Naître d’en haut, comment cela peut-il se faire ? La remarque de Nicodème est pertinente en ce que Dieu, dans sa transcendance, dépasse infiniment tout ce que nous pouvons en percevoir par ses œuvres, œuvres qui, en dépit de leurs limites, portent en elles la marque de leur Créateur et permettent de Le découvrir ainsi que l’exprime l’apôtre Paul : « Ce qu'il a d'invisible depuis la création du monde se laisse voir à l'intelligence à travers ses œuvres, son éternelle puissance et sa divinité, en sorte qu'ils sont inexcusables (ceux qui ne reconnaissent pas Dieu) (Rm 1, 20). Mais les œuvres n’étant pas le Créateur, cette connaissance demeurerait partielle de sorte que le Verbe de Dieu a fait irruption dans l’histoire dans la personne de Jésus pour se révéler complètement à nous, car nul n’est monté au ciel sinon celui qui est descendu du ciel, le Fils de l’homme, payant au surplus le prix du rachat de nos fautes sur la croix pour nous ouvrir la possibilité de partager l’existence de Dieu pour l’éternité :  De même que le serpent de bronze fut élevé par Moïse dans le désert, ainsi faut-il que le Fils de l’homme soit élevé, afin qu’en lui tout homme qui croit ait la vie éternelle. Toute l’existence de Jésus, de l’Incarnation à la mort sur la croix et sa résurrection n’a d’autre fin que de nous sauver.
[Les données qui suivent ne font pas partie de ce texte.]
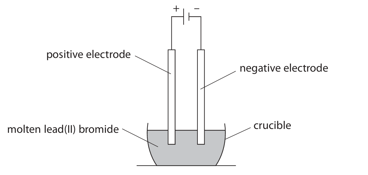 (c) The scientist electrolyses molten lead(II) bromide using this apparatus.
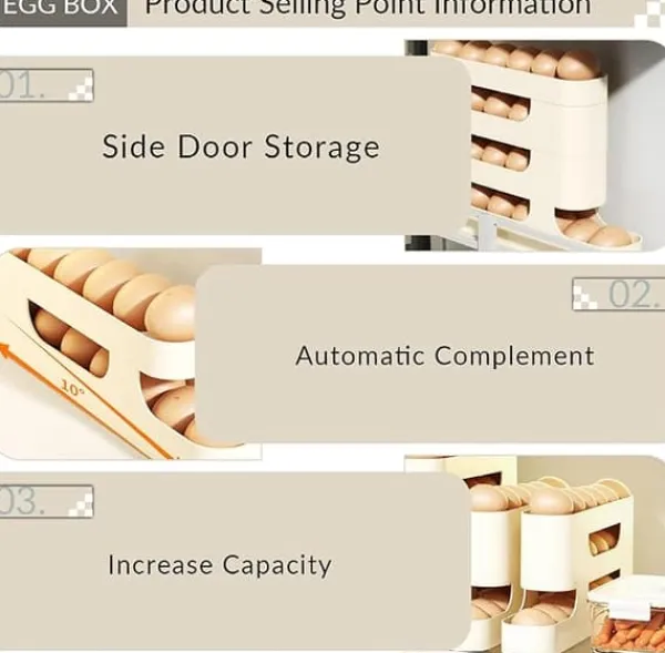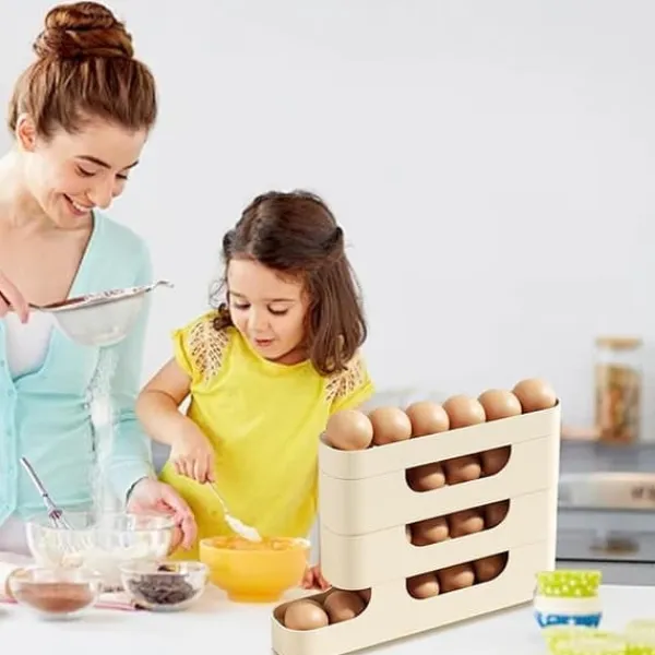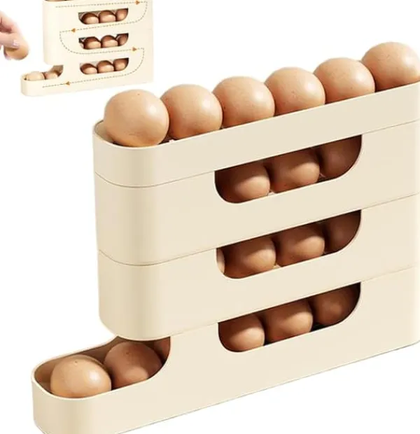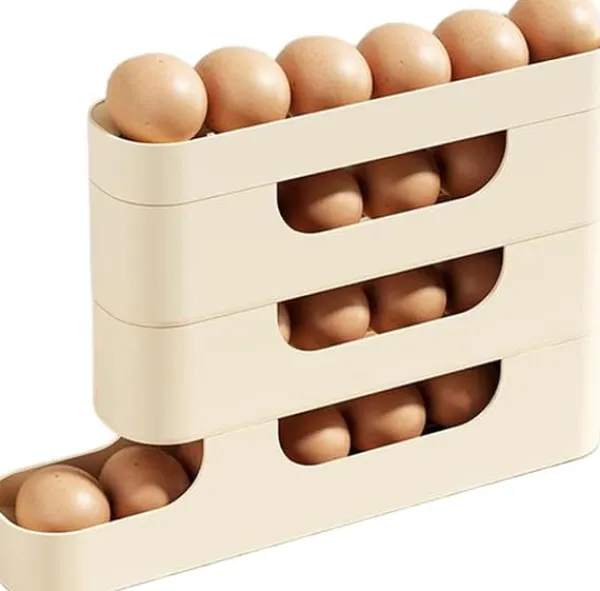 Behållare För Matförvaring-Ägghållare för – Kylskåpsäggdispenser för kylskåp, bilrullning – 4 nivåer – Platsbesparande stor kapacitet

Pour assurer la continuité, pour actualiser ce salut obtenu par Jésus, le Paraclet, l'Esprit Saint, que le Père enverra en mon nom, lui, vous enseignera tout et vous rappellera tout ce que je vous ai dit (Jn 14, 26). L’Esprit Saint est celui qui ouvre le cœur et l’esprit aux réalités surnaturelles et nous fait naître d’en haut. Il souffle où il veut. Son action ne se limite pas aux croyants, notre Père qui est aux cieux ne voulant qu'aucun de ces petits ne se perde (Mt 18, 14). À tous ceux qui ouvrent leur cœur est offerte la possibilité de connaître Dieu.

 

Que dois-je faire pour avoir en héritage la vie éternelle? (Lc 10, 25)

 

Je prie l’Esprit Saint d’ouvrir mon cœur et mon esprit aux réalités surnaturelles et de me gratifier de ses dons pour m’aider à redistribuer l’Amour dont je suis le bénéficiaire.